→ PROBLEM TO WORK ON
Across the whole listing, return each line exactly, with no images included.
***** DATA SHOWN *****
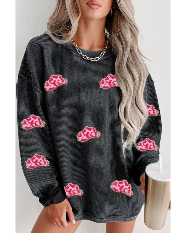 - Black Glittering Cowboy Hat Patched Corded Pullover Sweatshirt
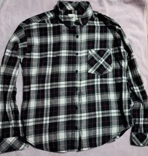 Camisa OversizeTiene rayas negras y rosasBolsita lado derechoTela 100% algodón
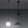 The cone-shaped diffuser in metal not only provides direct light but also creates a warm and inviting ambiance in your space. The Aggregato Saliscendi Sfera is designed to accommodate halogen light bulbs, ensuring optimal lighting for any setting.
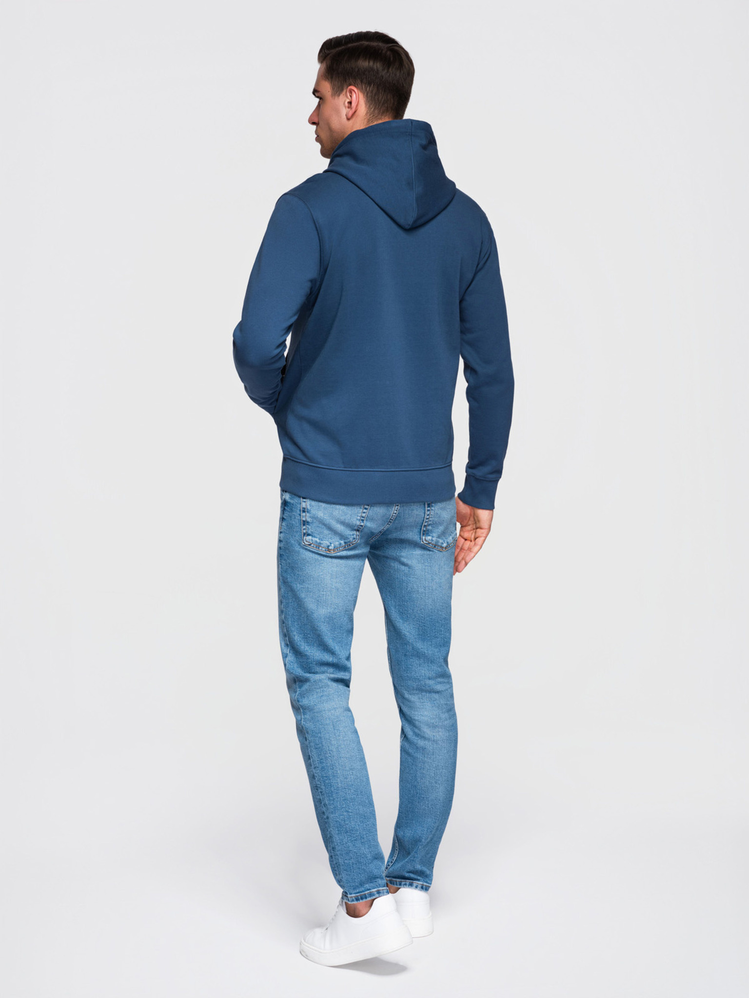 Moska bombažna elastična jopica BASIC s kapuco - modra V7 OM-SSBZ-0272 Ombre Clothing
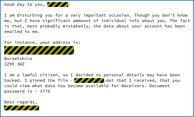 • If you think a targeted email of this sort really is a personal attack on you, for example by a stalker, rather than part of a wider cybercrime campaign, and you are genuinely concerned for your safety, contact law enforcement locally.
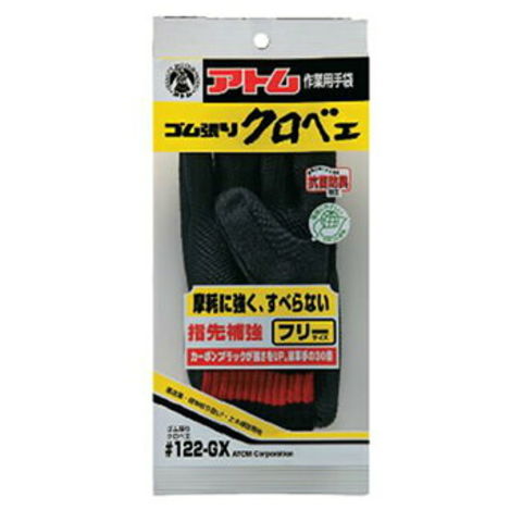 【ゴム張り軍手】ゴム張り クロベエ [5双入り] 品番:122-GX アトム ATOM 作業手袋 滑り止め 抗菌防臭 指先強化 7ゲージ(厚手) 2重張り 強力 クロベー 運輸 鉄筋 土木 建設 袋物取り扱い
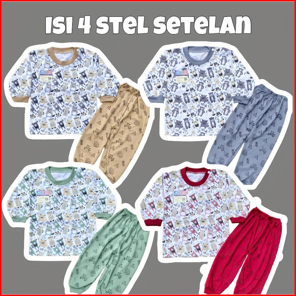 Isi 4 Stel Setelan Bayi Baru Lahir Setelan Kaos Oblong Bayi Lengan Panjang Celana Panjang 3-12 Bulan - Ayakan Baby
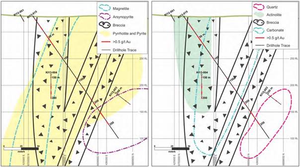 Figure 62 – Cross sections showing mineralization and alteration zonation in the Rusty Zone with respect to gold grades above 0.5 g/t Au. Breccia zones are important for gold mineralization and show a strong correlation in this cross section. The sulphide halo surrounding the magnetite core can be seen. Gold occurs in both the magnetite and sulphide zones. Arsenopyrite is often found in the magnetic low to the east of the main Rusty zone. Gold is intersected in these zones rich in arsenopyrite. However, grades are commonly below 0.5 g/t Au. Actinolite and carbonate alteration make up the primary alteration minerals seen in gold zones. Carbonate (calcite and dolomite) does have a broader alteration halo as shown in the cross-section. Quartz alteration is seen distal to the main breccia bodies and gold zones.
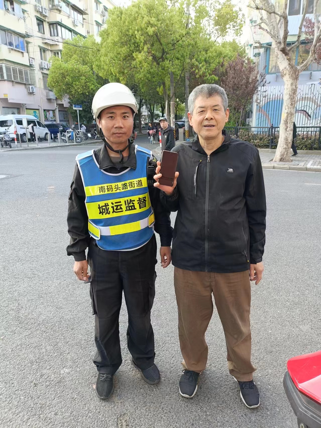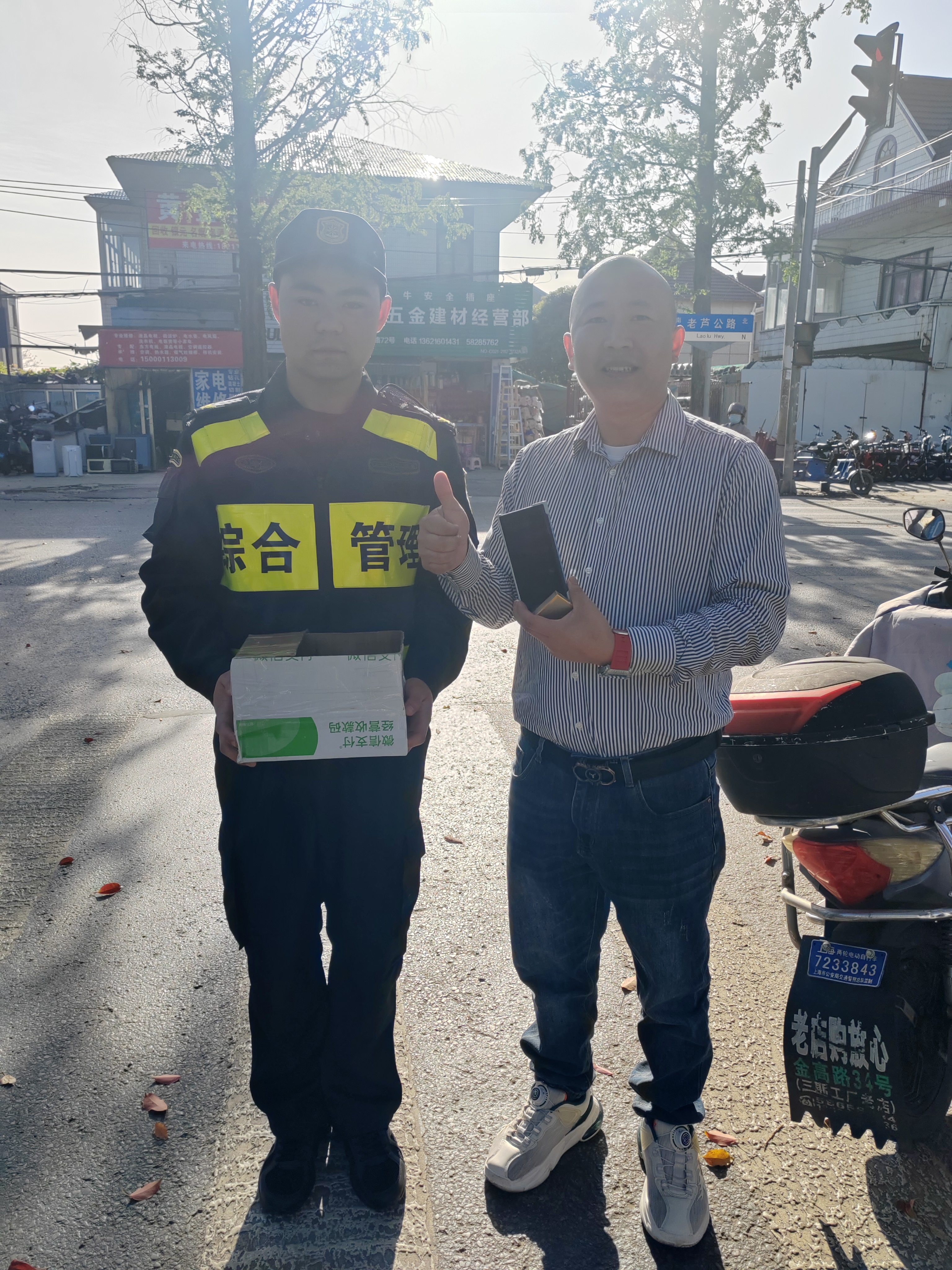 4月9日16:40,宗保公司駐浦東新區南碼頭城運網(wǎng)格項目員工徐寶輝在東三里橋路膠南路路口巡查時(shí),撿到一部華為手機,報告組長(cháng)后便在原地等待失主。半小時(shí)后,一位自稱(chēng)是失主的男子打來(lái)電話(huà),聽(tīng)口吻像是位老人,徐寶輝詢(xún)問(wèn)了丟失手機的基本特征,就與他約好碰面時(shí)間地點(diǎn)。過(guò)了一會(huì ),一位頭發(fā)花白的老人來(lái)到約定地點(diǎn)。徐寶輝確認其是失主后,就把手機交還給了他。為表示感謝,老人要發(fā)微信紅包給徐寶輝,被他婉言謝絕了。臨走前,老人豎起拇指,口中念念有詞,連連為宗保員工拾金不昧的行為點(diǎn)贊。
*****
→ RESPONSE TO THIS TASK
 - Black Glittering Cowboy Hat Patched Corded Pullover Sweatshirt
 Camisa OversizeTiene rayas negras y rosasBolsita lado derechoTela 100% algodón
 The cone-shaped diffuser in metal not only provides direct light but also creates a warm and inviting ambiance in your space. The Aggregato Saliscendi Sfera is designed to accommodate halogen light bulbs, ensuring optimal lighting for any setting.
 Moska bombažna elastična jopica BASIC s kapuco - modra V7 OM-SSBZ-0272 Ombre Clothing
 • If you think a targeted email of this sort really is a personal attack on you, for example by a stalker, rather than part of a wider cybercrime campaign, and you are genuinely concerned for your safety, contact law enforcement locally.
 【ゴム張り軍手】ゴム張り クロベエ [5双入り] 品番:122-GX アトム ATOM 作業手袋 滑り止め 抗菌防臭 指先強化 7ゲージ(厚手) 2重張り 強力 クロベー 運輸 鉄筋 土木 建設 袋物取り扱い
 Isi 4 Stel Setelan Bayi Baru Lahir Setelan Kaos Oblong Bayi Lengan Panjang Celana Panjang 3-12 Bulan - Ayakan Baby
 Figure 62 – Cross sections showing mineralization and alteration zonation in the Rusty Zone with respect to gold grades above 0.5 g/t Au. Breccia zones are important for gold mineralization and show a strong correlation in this cross section. The sulphide halo surrounding the magnetite core can be seen. Gold occurs in both the magnetite and sulphide zones. Arsenopyrite is often found in the magnetic low to the east of the main Rusty zone. Gold is intersected in these zones rich in arsenopyrite. However, grades are commonly below 0.5 g/t Au. Actinolite and carbonate alteration make up the primary alteration minerals seen in gold zones. Carbonate (calcite and dolomite) does have a broader alteration halo as shown in the cross-section. Quartz alteration is seen distal to the main breccia bodies and gold zones.
 4月9日16:40,宗保公司駐浦東新區南碼頭城運網(wǎng)格項目員工徐寶輝在東三里橋路膠南路路口巡查時(shí),撿到一部華為手機,報告組長(cháng)后便在原地等待失主。半小時(shí)后,一位自稱(chēng)是失主的男子打來(lái)電話(huà),聽(tīng)口吻像是位老人,徐寶輝詢(xún)問(wèn)了丟失手機的基本特征,就與他約好碰面時(shí)間地點(diǎn)。過(guò)了一會(huì ),一位頭發(fā)花白的老人來(lái)到約定地點(diǎn)。徐寶輝確認其是失主后,就把手機交還給了他。為表示感謝,老人要發(fā)微信紅包給徐寶輝,被他婉言謝絕了。臨走前,老人豎起拇指,口中念念有詞,連連為宗保員工拾金不昧的行為點(diǎn)贊。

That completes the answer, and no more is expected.